Activity
The answer must be an exact copy of the lines from the one with "The proof mass" through the final line below, with no pictures and nothing else.
Given material: Begin
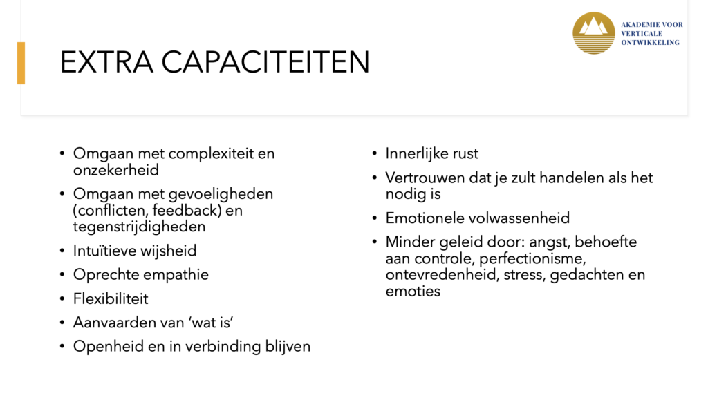 Presencing werkt aanstekelijk op je omgeving. Als het zuiver genoeg is, hebben mensen de neiging om zich ook in het Presencing-veld te begeven. Er ontstaan open gesprekken en er is meer vertrouwen. En jij ‘draagt’ dit, omdat je het vertrouwen hebt in wat er gebeurt en de capaciteit hebt ‘ertussenuit te blijven’. Omdat jij in staat bent Presencing te brengen en te behouden, ook in lastige en uitdagende omstandigheden. Zonder angst, zonder gedoe, moeiteloos. Je krijgt steeds meer toegang tot extra capaciteiten.
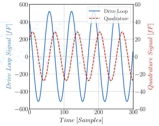 The proof mass motion in both the drive and sense directions at zero rate input velocity. The two signals were taken at different occasions.
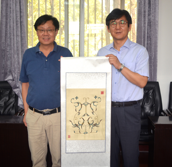 会上,双方就员工“专升本”、“1+3”本科、“3+1”本科及研究生教育等模式的的具体细则进行了沟通。同时具洸範代表韩国加图立关东大学热忱地邀请梅平十一月份赴韩访问。梅平向具洸範赠送了具有传统楚文化特色的工艺品楚绣。
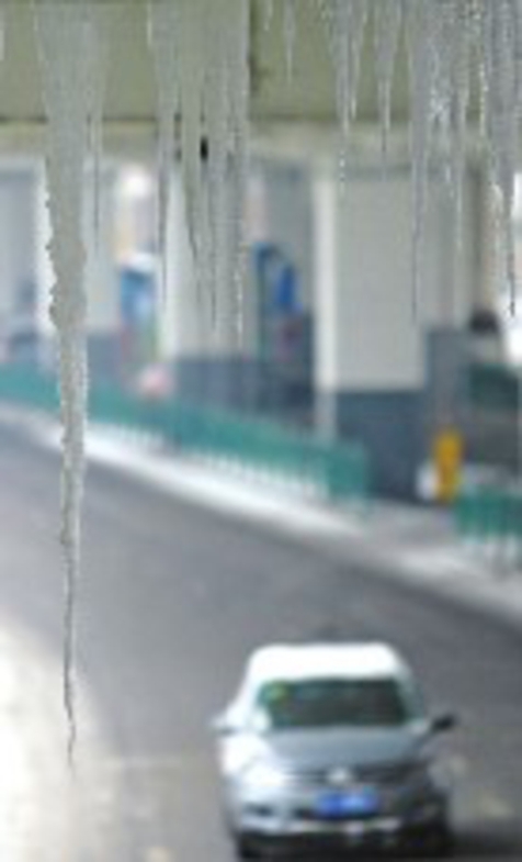 新疆網(wǎng)訊(記者黃杰敏攝影報道)受連續(xù)多日降雨、降雪天氣影響,烏魯木齊部分路段高架橋下、房檐等結(jié)出冰錐。相關部門提醒市民,近期出行注意高處墜冰,盡量遠離結(jié)著冰錐的建筑物。
Given material: End
The completed task
 The proof mass motion in both the drive and sense directions at zero rate input velocity. The two signals were taken at different occasions.
 会上,双方就员工“专升本”、“1+3”本科、“3+1”本科及研究生教育等模式的的具体细则进行了沟通。同时具洸範代表韩国加图立关东大学热忱地邀请梅平十一月份赴韩访问。梅平向具洸範赠送了具有传统楚文化特色的工艺品楚绣。
 新疆網(wǎng)訊(記者黃杰敏攝影報道)受連續(xù)多日降雨、降雪天氣影響,烏魯木齊部分路段高架橋下、房檐等結(jié)出冰錐。相關部門提醒市民,近期出行注意高處墜冰,盡量遠離結(jié)著冰錐的建筑物。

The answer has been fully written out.